No dia 27 de Março de 90 saíra do Pôrto, estação de Campanhã, com espôsa e filhos, no combóio correio de Lisboa – afim de embarcar no Savoie, vapor da carreira do Brasil. Foram à estação, às despedidas, várias pessoas da sua família, entre elas o seu sogro e seu cunhado, Manuel Martins Tinoco. No compartimento de 1.ª classe em que se instalou com os seus, notou, logo de entrada, que já ali havia um passageiro, ao fundo, sentado, de óculos escuros e chapéu derrubado sobre os olhos. É natural que se lembre disto, muito bem, por corresponder a episódio rememorado em família, depois de ter conhecimento, pelo jornais, do envenenamento da rua das Flores, e pelo papel que êsse misterioso passageiro desempenhou na remessa dos bolos envenenados. O combóio partiu. Na estação de Gaia um empregado instalou caloríficos nos compartimentos dos vagons. Sua espôsa quis saber como funcionavam êsses aparelhos de aquecimento. O passageiro, acantonado ao fundo da bancada, saíu do seu mutismo. E, amável, informou a senhora. Estabeleceu-se conversa. O desconhecido tirou os óculos, ajeitou o chapéu. Falaram no Ultimatum, ocorrido a 11 de Janeiro dêsse ano, assunto obrigatório de tôdas as conversações.
- V. Exc.ª vai para o Brasil? – preguntou-lhe o desconhecido, quebrando o gêlo da distância e do silêncio.
- Vou, sim, senhor.
- Tinha-o previsto, pelas despedidas, em Campanhã.

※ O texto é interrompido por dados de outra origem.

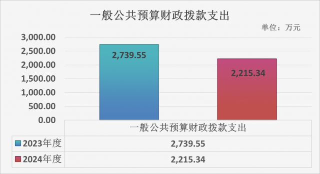 2024年度一般公共预算财政拨款支出2215.34万元,占本年支出合计的87.75%。与2023年度相比,一般公共预算财政拨款支出减少524.21万元,减少19.13%。主要变动原因是项目减少。

A conversa animara-se. A certa altura o seu interlocutor dissera-lhe que residia em Coimbra, onde era Professor da Universidade. Que estava na intenção de ir a Lisboa, nesse mesmo combóio, e por isso, um seu amigo do Pôrto o incubira de despachar, de Lisboa para o Pôrto, uma encomenda de amêndoas, endereçada à sua noiva, a fim de lhe causar surpresa agradável e de a convencer de que se encontra na Capital, quando certo era que estava na sua terra. Mas contrariava-o, afinal, a prolongação da viagem. Preferia ficar em Coimbra. E daí, o pedir-lhe, a êle, que seguia para Lisboa, o despacho da encomenda. Aceitra a incumbência. Dera um bilhete de visita, com o seu nome, ao companheiro de carruagem. Êste procurou nos bolsos um bilhete, no intento de retribuir a amabilidade. Não o encontrando, pediu-lhe um outro do seus bilhetes. E no verso, com um lápis azul, traçou o nome e o enderêço – Eduardo Mota, Coimbra. Depois, Eduardo Mota saíu da carruagem, numa estação para lá de Aveiro. Voltou com o enderêço a apor no envólucro da encomenda – enderêço escrito a tinta. Com a encomenda e o enderêço entregou-lhe 300 réis para o despacho. Desapareceu noutra estação, e, reaparecendo daí a pouco, despediu-se, depois de agradecer o favor que lhe prestava. Não queria incomodar mais os seus companheiros de viagem. Passava a um compartimento em que seguia um seu colega.
No dia imediato, 28, êle, declarante, expedira a caixa de amêndoas, com o enderêço que lhe fôra dado no combóio. E embarcara a 30, para o Rio, no vapor francês Savoie.